• _RECORDS FOR PROCESSING_:
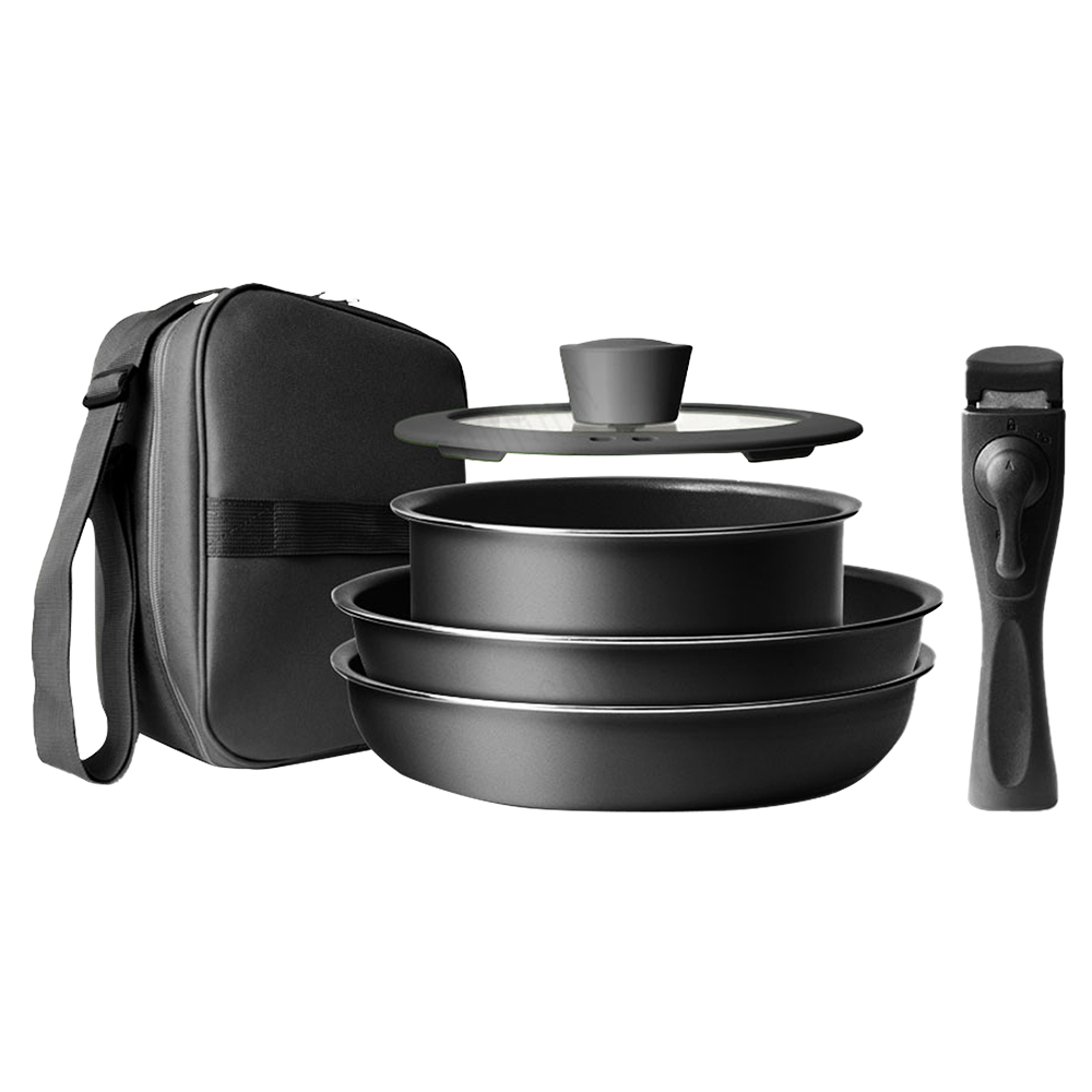 煎、炒、燉、煮三鍋一組,滿足露營料理需求 握柄可拆卸式設計 ,日本Daikin不沾塗層品質 導磁覆底適用電磁爐、鹵素爐、瓦斯爐不挑爐具
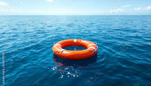 An orange lifebuoy floats on the open sea, symbolizing safety and hope under a tranquil sky.
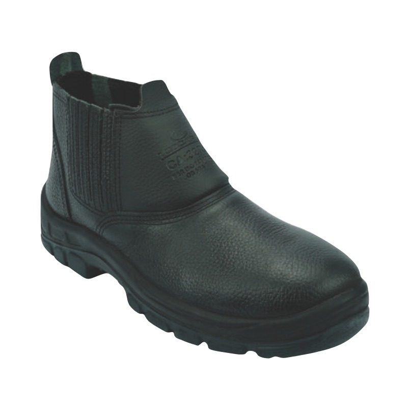 Calçado ocupacional, isolante elétrico, tipo botina, acolchoado na região do dorso, confeccionado em couro, gáspea e contraforte forrados em não tecido, palmilha de montagem em não tecido montada pelo sistema strobel, solado bicomponente de borracha nitrílica para altas temperaturas 300°C e PU (Poliuretano) injeção direta, biqueira plástica, palmilha de acabamento, para uso eletricista em tensão até 500 V a seco.
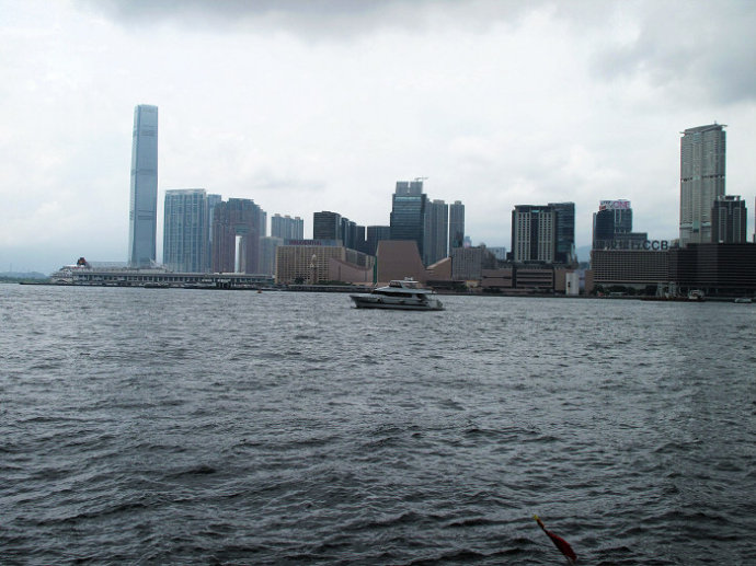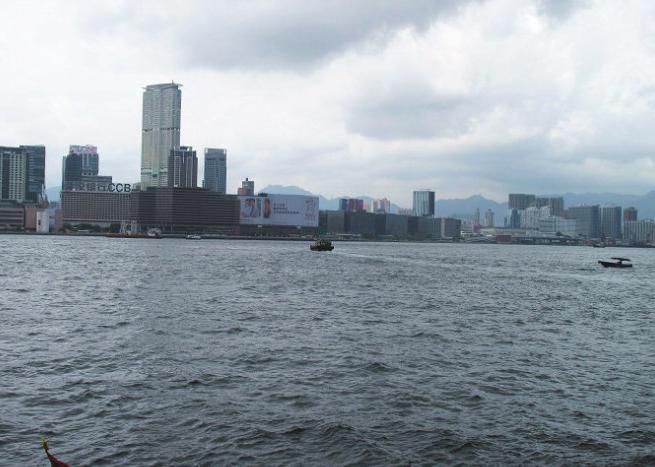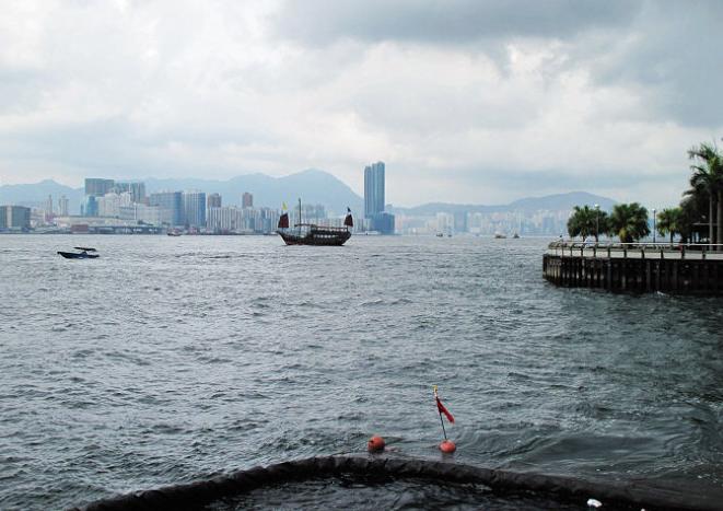 眺望对岸,九龙尖沙咀建筑清晰可见。
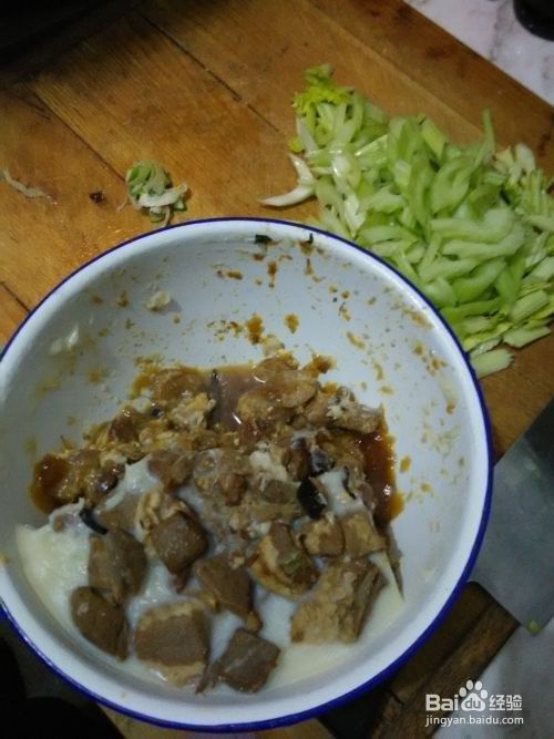 将芹菜洗净,切成片,葱切成丝,把肉拿出来,稍微化开一点,比较容易铲动。
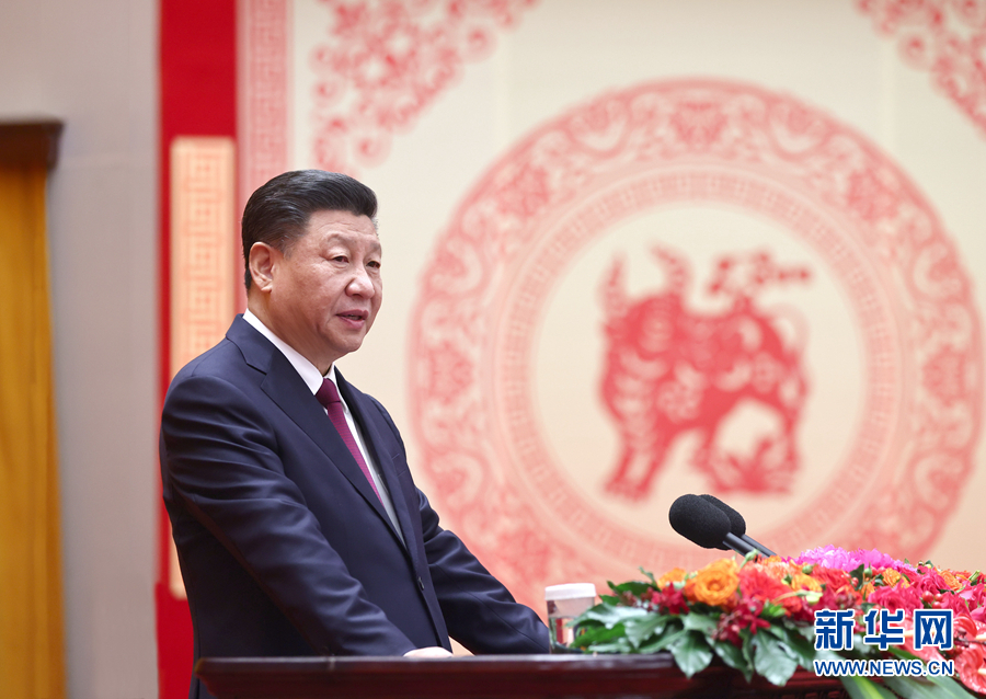 2月10日,中共中央、國務院在北京人民大會堂舉行2021年春節團拜會。中共中央總書記、國家主席、中央軍委主席習近平發表講話。新華社記者 龐興雷 攝

• _DESCRIPTION OF THE TASK_: Your response must consist of the lines from the beginning of the data through the line containing "将芹菜洗净,切成片,葱切成丝,把肉拿出来,稍微化开一点,比较容易铲动。", transcribed exactly, with no pictures.

• _OUTPUT OF THE EXERCISE_:
 煎、炒、燉、煮三鍋一組,滿足露營料理需求 握柄可拆卸式設計 ,日本Daikin不沾塗層品質 導磁覆底適用電磁爐、鹵素爐、瓦斯爐不挑爐具
 An orange lifebuoy floats on the open sea, symbolizing safety and hope under a tranquil sky.
 Calçado ocupacional, isolante elétrico, tipo botina, acolchoado na região do dorso, confeccionado em couro, gáspea e contraforte forrados em não tecido, palmilha de montagem em não tecido montada pelo sistema strobel, solado bicomponente de borracha nitrílica para altas temperaturas 300°C e PU (Poliuretano) injeção direta, biqueira plástica, palmilha de acabamento, para uso eletricista em tensão até 500 V a seco.
 眺望对岸,九龙尖沙咀建筑清晰可见。
 将芹菜洗净,切成片,葱切成丝,把肉拿出来,稍微化开一点,比较容易铲动。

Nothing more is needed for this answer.